Baldwin’s group is going up against the Houston Heights Beverage Coalition, a political action committee formed earlier this year to push the reversal of the dry law.

Largely at stake is the proposed development of a new H-E-B on a former Fiesta site at 2300 N. Shepherd.

H-E-B wants to buy the property but said it needs to be able to sell wine and beer in order for the store to be economically feasible.

“From a business proposition, if I spend $25 or $30 million building a store I also need to make sure it can earn a fair return,” said Scott McClelland, Houston division president for H-E-B.

The San Antonio-based grocer has put more than $60,000 into the coalition, according to finance reports filed with the Texas Ethics Commission.

Baldwin, who lives in the Heights but outside the dry area, said the election is not about being against H-E-B but preserving the character of the neighborhood.

His group has been urging residents of the dry area to consider the issue apart from H-E-B.

He said more service stations and convenience stores could diminish property values of the homes around them.

“This election is not about H-E-B, it’s about changing the fabric about my community,” Baldwin said.

Honestly, there’s nothing here that you couldn’t learn from reading the dueling op-eds or listening to the interviews that I did with Baldwin and Reilley. The story did remind me that there used to a a tiny HEB – it was called an “HEB Pantry store” back in the day – in the Heights that no one went to because it didn’t have much in it. This whole debate is a little nuts because people in the greater Heights area have been begging to get a real HEB like the one in Montrose in the neighborhood, and if it weren’t for this oddball quirk of history, the announcement that there would be an HEB built on the site of the old Fiesta would be greeted with handsprings and huzzahs. But because we’re held hostage to the way some people viewed the demon rum a century ago, we’re stuck with this silly debate. Everyone in America is ready for the Presidential race to be over, I’m ready for this referendum to be settled.

The dry debate

The Chron hosted a mini-debate about the vote to change the Heights dry ordinance on its Monday op-ed pages. Bill Baldwin represented the status quo, for keeping the Heights (the original Heights) dry.

With the stark reality of land use as it is today, our deed restrictions are patchy, and most properties on high-traffic streets here are not restricted at all. In a city with no zoning, other typical neighborhoods have deed restrictions where the Heights does not. Undoubtedly, the dry area has successfully kept large operators such as Walmart, Target, Sprouts, Kroger and a Whole Foods concept on the way all outside of our historic borders.

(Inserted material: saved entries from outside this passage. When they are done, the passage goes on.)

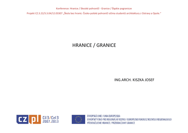 Konference: Hranice / Slezské pohraničí - Granice / Śląskie pogranicze Projekt CZ.3.22/3.3.04/12.03307 „Škola bez hranic: Česko-polské pohraničí očima studentů architektury z Ostravy a Opole.“ HRANICE / GRANICE ING.ARCH. KISZKA JOSEF HRANICE Workshopy proběhlé 2009/12: Žacléř; Broumov – Křinice; Osoblaha – Bohušov, Prudnik , Prajzsko – Opava připravované 2013/14: Ostrava – Poodří, Czechowice /Orlová – Design pro město výhled: Knížectví Těšínské, Zatorské, Opavské, Krnovské, Svidnické, Kladsko Výzkum proběhlé: probíhající: v přípravě Brownfieldy Hranice Pentagram – speciální mapa Industriál Natura – kultura Výstavy proběhlé: výhled 2014 VŠB Nová aula Ostrava Důl Michal Ostrava Publikace v přípravě: výhled 2014 (Blue) Notes 1 (Accendo Ostrava) (Blues) Notes 2 Partneři a spolupráce: Katedra Architektury, Wydział Budownictwa, Politechnika Opolska, Opole, Polsko Wydział Architektury, Politechnika Sląska, Gliwice, Polsko Akademia Sztuk Pięknych, Katowice, Polsko HRANICE PODĚKOVÁNÍ Euroregionu SILESIA VŠB TU Ostrava a FAST VŠB TU Ostrava Partnerovi projektu PO Opole a WB PO Opole Expertům, autorům Pedagogům, pracovníkům, tutorům, studentům SPŠS Opava, Accendo Martinovi Nedvědovi Josef Kiszka HRANICE dr hab. Anna Śliz, prof. UO Socjolog, profesor nadzwyczajny w Instytucie Socjologii Uniwersytetu Opolskiego. Główne pola naukowego zainteresowania to socjologia teoretyczna, socjologia konfliktów społecznych i etnicznych, socjologia grup etnicznych, zmiana i rozwój społeczny, zjawisko wielokulturowości we współczesnym świecie. Jest autorką i współautorką ponad 100 prac naukowych. prof. zw. dr hab. Marek S. Szczepański Socjolog, profesor zwyczajny w Instytucie Socjologii Uniwersytetu Śląskiego w Katowicach i Uniwersytetu Opolskiego. Główne pola naukowego zainteresowania to socjologia teoretyczna, socjologia regionu i społeczności lokalnych, miasta i przestrzeni, zmiany i rozwoju społecznego oraz socjologia konfliktów społecznych i etnicznych. Jest autorem bądź współautorem ponad 300 prac naukowych. dr Monika Choroś Adiunkt w Państwowym Instytucie Naukowym – Instytucie Śląskim w Opolu. Zainteresowania naukowe, nazewnictwo geograficzne Śląska, polsko-niemieckie kontakty językowe i ich odzwierciedlenie w toponimii. Autorka i współautorka publikacji z zakresu nazewnictwa geograficznego i historii języka na Śląsku, dialektów śląskich oraz dwujęzycznych nazw miejscowości. Współautorka „Słownika etymologicznego nazw geograficznych Śląska”. dr inż. arch. Ryszard Nakonieczny Doktor inżynier architekt, adiunkt na Wydziale Architektury Politechniki Śląskiej w Gliwicach, autor pracy doktorskiej "Wielkomiejska architektura mieszkaniowa Katowic w okresie międzywojennym (1922-1939)", w latach 2004-2011 redaktor naczelny ogólnopolskiego kwartalnika "Archivolta", redaktor i współautor książki "Słynne wille Polski" (Foibos, Praha 2013), zajmuje się historią architektury współczesnej HRANICE prof. Ing. arch. Mojmír Kyselka, CSc. Nar. 1933 v Brně, vystudoval Fakultu architektury a pozemního stavitelství VŠSt v Brně (1957), specializace urbanismus a krajina. Realizační projekty od zemědělských staveb po krajinné plánování. Učil zahradní a krajinnou architekturu v Lednici, od roku 1990 na Fakultě architektury v Brně, v roce 1995 jmenován profesorem. Působil v Bratislavě, přednášel v USA, byl vedoucím Katedry architektury Fakulty stavební VŠB-TU v Ostravě. prof. RNDr. Tadeusz Siwek, CSc. Geograf, absolwent Uniwersytetu Komenskiego w Bratysławie, doktorat i habilitację uzyskał na Uniwersytecie Karola w Pradze. Obecnie jest docentem w Katedrze Geografii Społecznej i Rozwoju Regionalnego Wydziału Nauk Przyrodniczych Uniwersytetu Ostrawskiego. Zajmuje się teoretycznymi zagadnieniami geografii behawioralnej, w tym przede wszystkim percepcją przestrzeni geograficznej oraz kwestiami narodowościowymi i tożsamościowymi, koncentrując się na problematyce mniejszości polskiej w Republice Czeskiej, do której sam należy. doc. Ing. arch. Jiří Löw (Praha, 1948) Zabývá se územním plánováním, ochranou přírody a krajiny. Je jedním z autorů teorie územních systémů ekologické stability pro zabezpečení přírodních složek v krajině. Pracuje jako projektant ve vlastní společnosti v Brně a externě vyučuje na Fakultě architektury VUT v Brně. Je spoluautorem publikace Krajinný ráz (2003), Rukověť projektanta územních systémů ekologické stability (1995) a učebních textů: Aplikovaná ekologie, Krajina, krajinná a sídelní kompozice, krajinný ráz, Katalog znaků krajiny pro architekty (2011-2012). RNDr. Pavel Ptáček, Ph.D.Nar. 1972, je absolventem magisterského a doktorského studia na Katedře sociální geografie a regionálního rozvoje Přírodovědecké fakulty Univerzity Karlovy v Praze. Ve svých výzkumech se zaměřuje na problematiku vývoje sídelních systémů a institucionálních přístupů v ekonomické geografii. Mgr. Pavel Roubínek Nar. 1985, je absolventem magisterského studia učitelství geografie-historie na UP v Olomouci. V současnosti studuje doktorský obor politická a kulturní geografie na PřF OU v Ostravě. Věnuje se problematice vývoje sídelních systémů. Mgr. Petr Kladivo, Ph.D. Nar. 1981, je absolventem magisterského studia učitelství geografie-matematika na PřF UP v Olomouci a doktorského studia oboru regionální geografie a regionální rozvoj PřF MU v Brně. Ve svých výzkumech se zabývá urbánní geografií a kvantitativními metodami. Mgr. Martin Strakoš (Ostrava, 1972) Zabývá se teorií a historií architektury, mimo jiné péčí o památky moderní architektury a vztahem nové architektury a historického prostředí. Pracuje jako památkář v ostravském územním pracovišti Národního památkového ústavu. Je autorem publika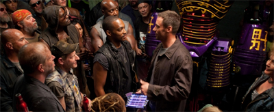 And then there’s Charlie. In a film like this, forgetting your kid was at school or missing a birthday party is the kind of situation that denotes a character is a bad parent. Charlie sells his son, which leads to my favourite exchange of the whole movie, and one delivered with aplomb by Jackman and Goyo: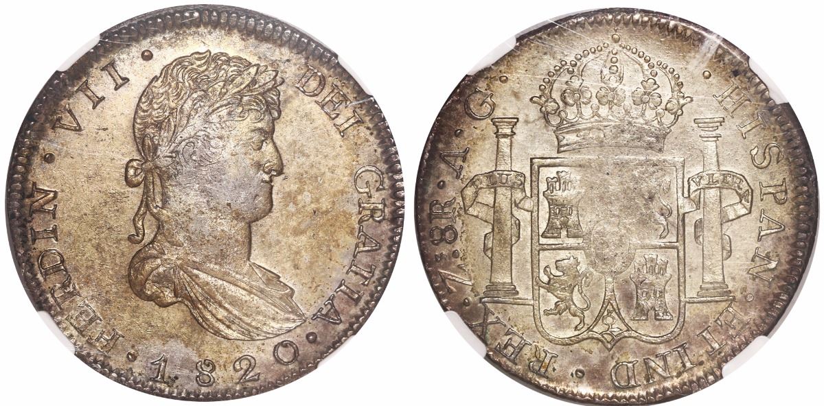 Zacatecas, Mexico, bust 8 reales, Ferdinand VII, 1820AG, encapsulated NGC AU 58. Golden toning all over with much underlying luster, weak centers as usual.
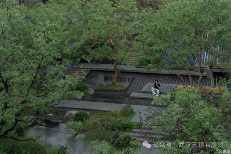 设门、台、水、亭四点成线,借鉴匠法于中央水景巧设全景会客厅,精择朴树、乌桕等名贵植株,引入樱桂枫梅等四季花木,打造立体多维水景园林。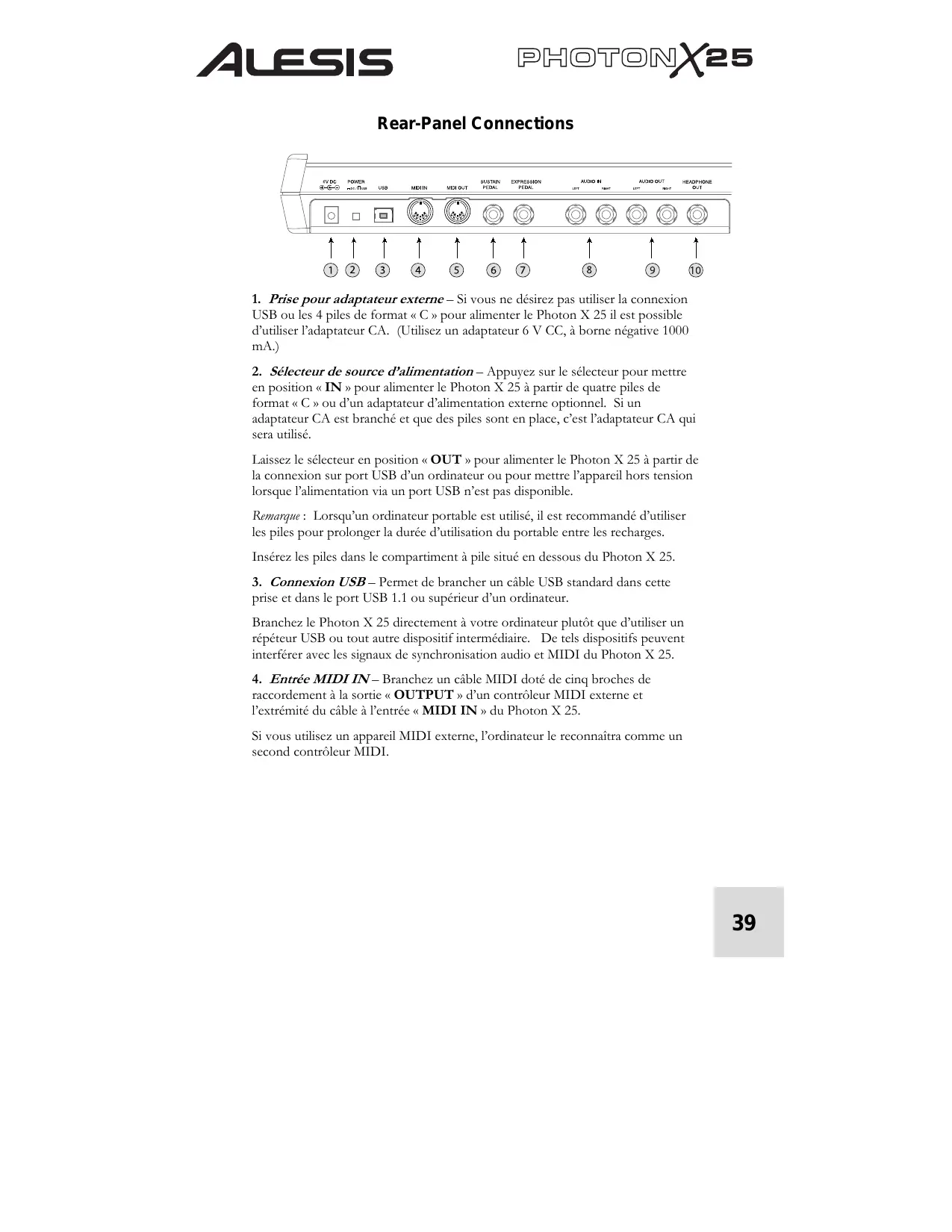 Felicitations pour l'achat de votre Contrôleur MIDI Photon X 25 avec interface audio stéreo de 24 bits Alesis. Le Photon X 25 jumelle la portabilité avec une multitude de caractéristiques d'avant-garde:

Eliminate that barrier and you make way for future big-box retailers, gas stations and convenience stores, along with their parking demands and high traffic.

You don’t build a fence to keep out the good neighbors; it’s for the bad ones. In this scenario, we still consider H-E-B a good neighbor, but I am concerned about operators without the reputation of H-E-B.

We don’t know exactly what will happen if we change the dry area, but we do know this: All around the city there is concern about the changing character of neighborhoods. Like the rest of the city, the Heights is wrestling with these issues of development and identity. How do we responsibly progress, increase property values and keep a sense of identity intrinsically tied to the community? In the Heights, the dry area has in many non-obvious ways functioned toward those ends. Keeping the Heights dry means also keeping it local and residential.

Steve Reilley spoke for the pro-change faction, to amend the historic dry ordinance to allow beer and wine sales for off-premise consumption, i.e., retail sales.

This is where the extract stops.